Retype the listing exactly, minus its pictures.

> Data provided:
- Opening Delimiter -

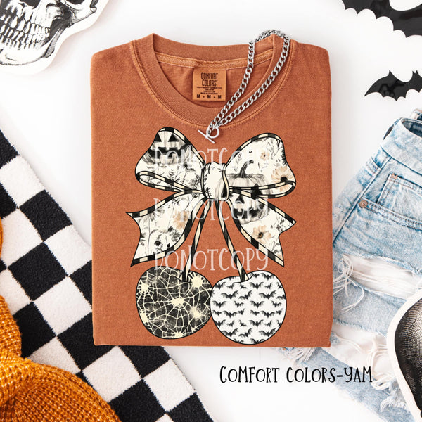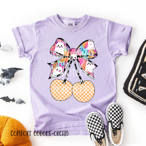 Orange Checker Cherries with Ghost Bow (csg) DTF transfer
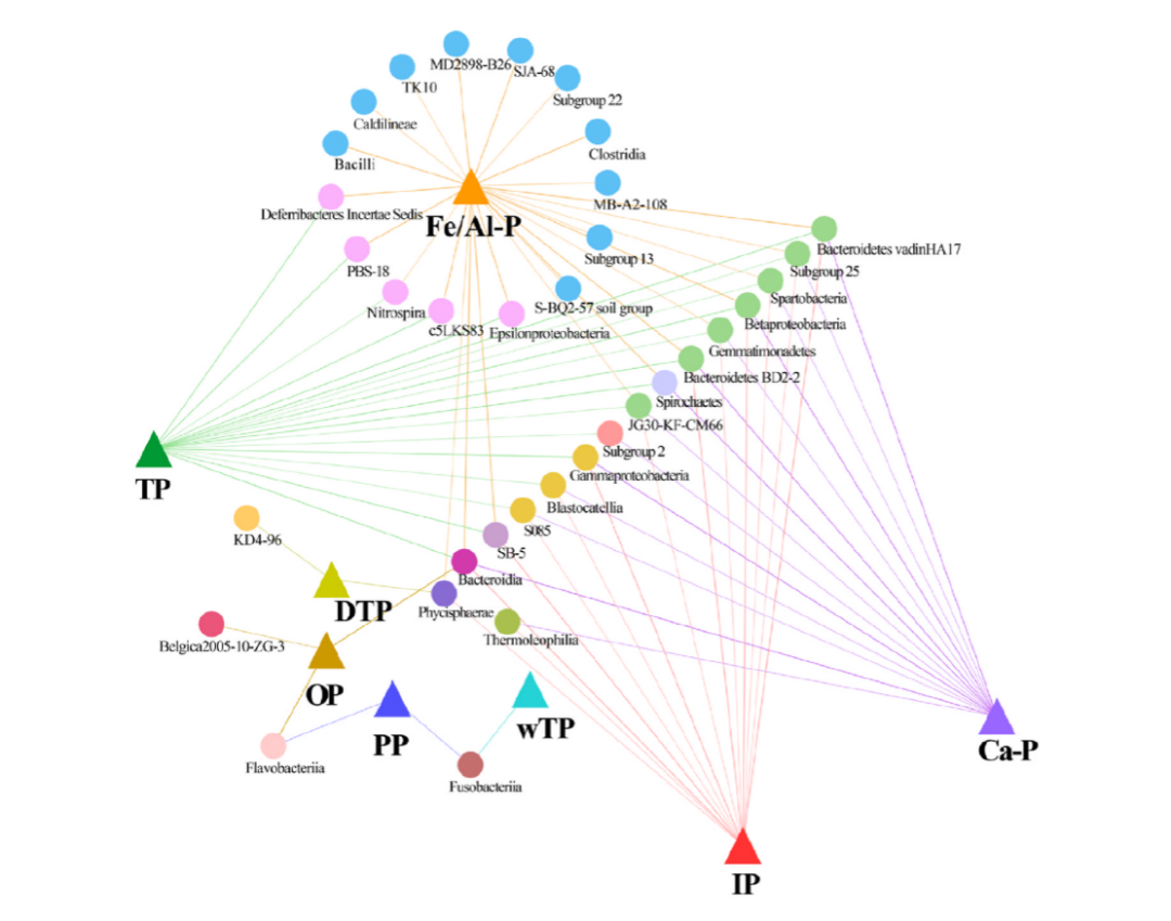 圖4?網(wǎng)絡(luò)分析顯示35個細(xì)菌群落在級別上(用圓圈表示)和8個不同的磷形式(用三角形表示)之間有很強的相關(guān)性
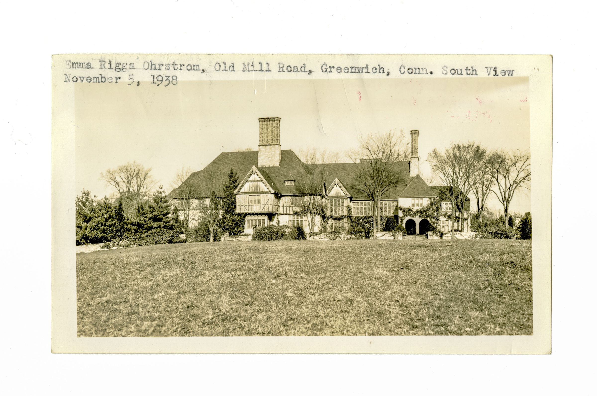 The back of a large Tudor-style house as seen looking south from its lawn.
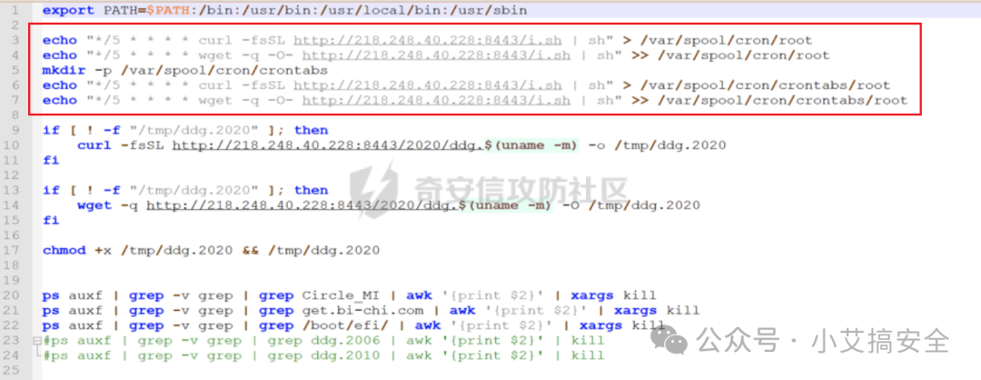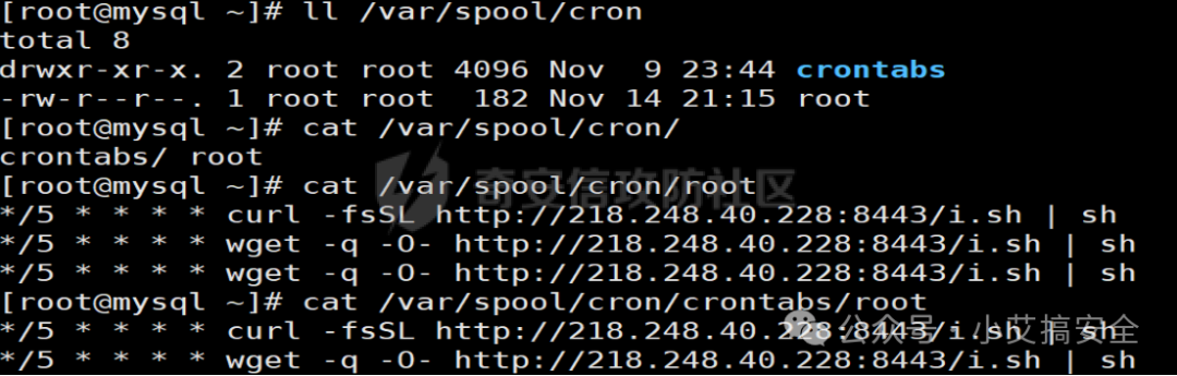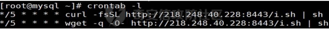 查看定时任务,发现攻击者在计划任务中留下了定时启动脚本,删除挖矿程 序后可通过每隔 5 分钟执行一次计划任务中的后门脚本重新下载启动;

- Closing Delimiter -

> Written solution:
 Orange Checker Cherries with Ghost Bow (csg) DTF transfer
 圖4?網(wǎng)絡(luò)分析顯示35個細(xì)菌群落在級別上(用圓圈表示)和8個不同的磷形式(用三角形表示)之間有很強的相關(guān)性
 The back of a large Tudor-style house as seen looking south from its lawn.
 查看定时任务,发现攻击者在计划任务中留下了定时启动脚本,删除挖矿程 序后可通过每隔 5 分钟执行一次计划任务中的后门脚本重新下载启动;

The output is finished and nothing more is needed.